Uma pequena estalagem localizava-se à beira da estrada vazia. Havia uma luz amarelada nas janelas. O único som era de vozes masculinas, que se calaram assim que entramos. O OIA tomou a dianteira, para o caso de haver problemas. Eu o segui com a maleta. Em uma única sala de teto baixo, um grupo de camponeses de macacão azul nos encarava, com espanto mudo, através da fumaça de tabaco. As mesas de bilhar ocupavam o centro da sala. Ninguém estava jogando. Havia um banco vago junto ao balcão. O OIA sentou-se ali. Com a maleta aos meus pés, sentei-me ao lado dele, observado pelos camponeses. O OIA pediu duas cervejas em um alemão engrolado e cortante. Hoje eu me pergunto se "duas cervejas" não seria todo o alemão que ele sabia. O proprietário do estabelecimento colocou as cervejas na nossa frente, e o barulho que elas fizeram ao bater na mesa pareceu ecoar para sempre.

"Que tal um jogo de bilhar?", o OIA murmurou, em inglês, pelo canto da boca.

Eu topo, murmurei em resposta.

A arma era mesmo parte de mim, de tal forma que eu tinha parado de sentir sua presença na minha cintura. Ao me inclinar para acertar a bola, fui surpreendido pelo tinir de um objeto metálico pesado batendo no chão de azulejo e olhei em volta para descobrir de onde vinha. Quando finalmente vi a Browning aos meus pés, a taverna já estava vazia de clientes e proprietário. Eu recuperei a arma, coloquei-a de volta na cintura e apanhei a maleta.

"Abortar", o OIA ordenou, detendo-se apenas para terminar sua cerveja.

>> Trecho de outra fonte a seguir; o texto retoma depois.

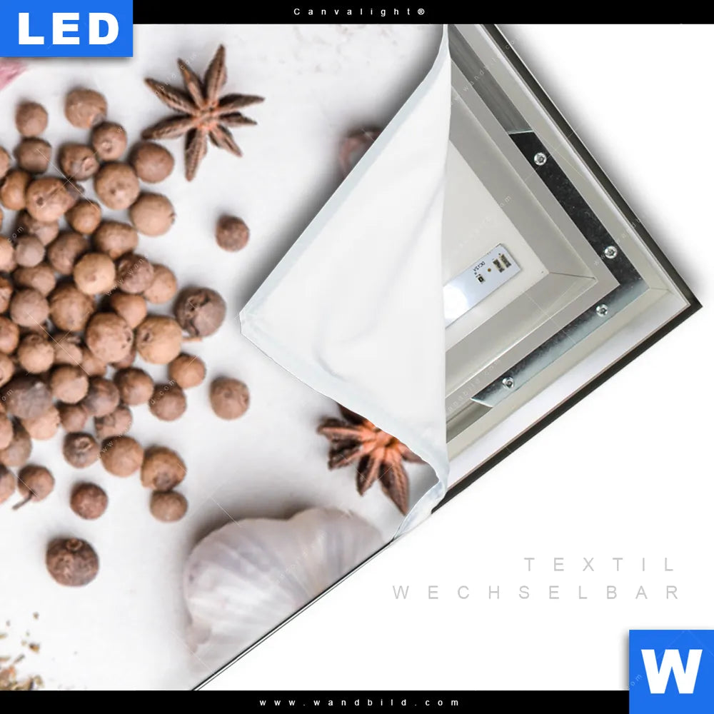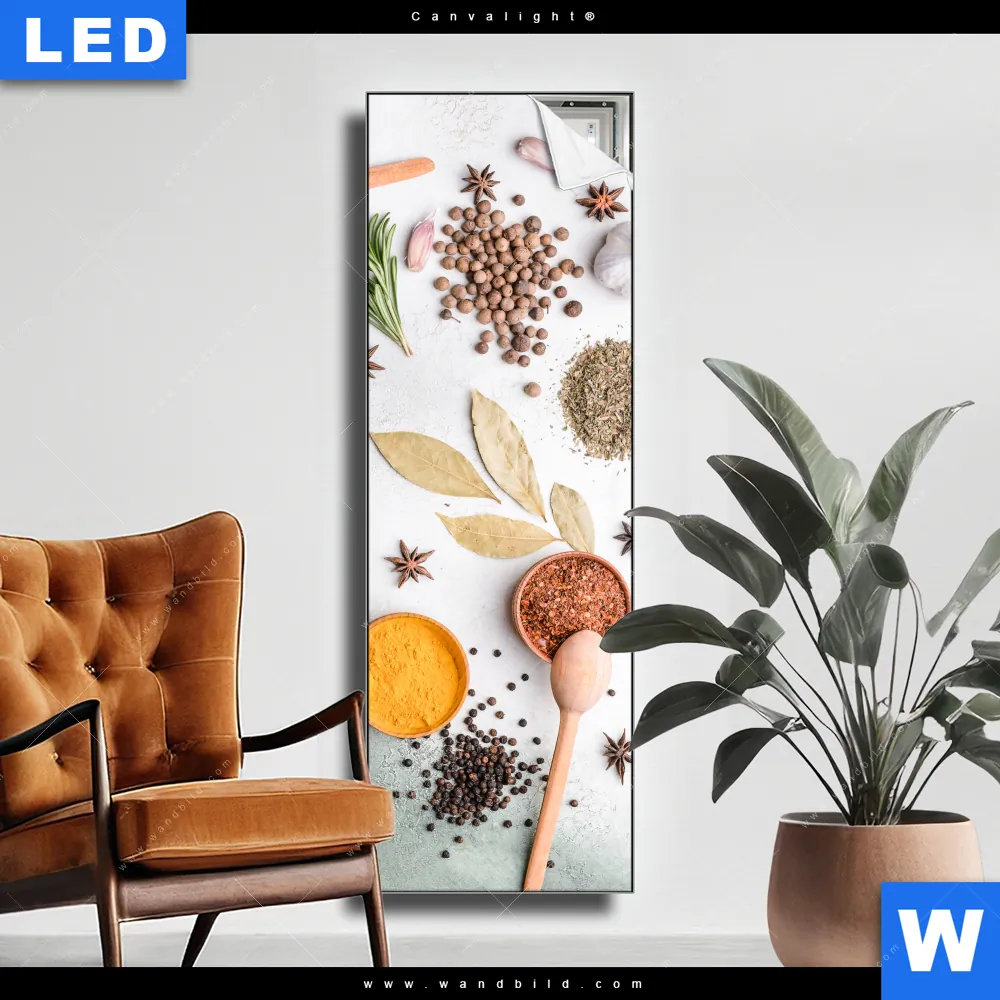 Canvalight® TEX Leuchtbild | Gewürze auf hellem Untergrund | Schmal

Sua calma me surpreendeu. Nenhuma palavra de repreensão. Voltamos ao Fusca, entramos e esperamos. Por quem? A polícia austríaca? Nosso intrépido espião? O OIA parecia à vontade com qualquer uma das duas opções, mas nenhuma apareceu. Ele tinha um frasco com uísque, do qual tomamos alguns tragos. A alvorada chegou e, de alguma forma, o propósito de nossa grande missão evaporou. Com um suspiro filosófico, o OIA deu partida no motor e tomou o caminho de Graz.

Popperfoto/Getty Images
O VERDADEIRO TRAIDOR
O agente britânico Kim Philby: chefão do MI6, o serviço de espionagem inglês, ele na verdade trabalhava secretamente para os soviéticos. Exilado na União Soviética em 1963, tornou-se oficial da KGB


Como toda grande operação de inteligência, a nossa não teve um desfecho conhecido – pelo menos não para mim. Teria o bravo aviador checo sequer feito a tentativa? Eu não tive chance de perguntar. Alguns dias depois, o OIA sumiu sem deixar endereço. Teria ele devolvido os 10 000 dólares ou ficou com o dinheiro para usar outro dia? Em Um Espião Perfeito, fiz algum uso dessa história, mas os meus objetivos mais amplos não me permitiram dar o status que ela merecia como registro da primeira façanha de meu herói no Serviço Secreto de Sua Majestade.

Entretanto, com o amadurecimento dos anos, acho que encontrei uma resposta às perguntas que me incomodaram por tanto tempo. Não havia nenhum oficial checo cruzando a fronteira naquela noite. A pasta não continha 10 000 dólares; na melhor das hipóteses, havia ali um velho pijama e uma garrafa reserva de uísque. O OIA não era o filho preferido da Organização de Inteligência, nem um agente do MI6 infiltrado; seu trabalho era apenas tão tedioso e inútil como o nosso. Ele era uma daquelas almas abandonadas que a burocracia militar deposita em terras distantes e das quais se esquece por anos sem fim.

Ele era, para completar, louco, ainda que discretamente, e vivia em sua própria bolha secreta. Uma condição que, no mundo dos espiões, assim como um vírus em um hospital, é endêmica, difícil de detectar e ainda mais difícil de erradicar.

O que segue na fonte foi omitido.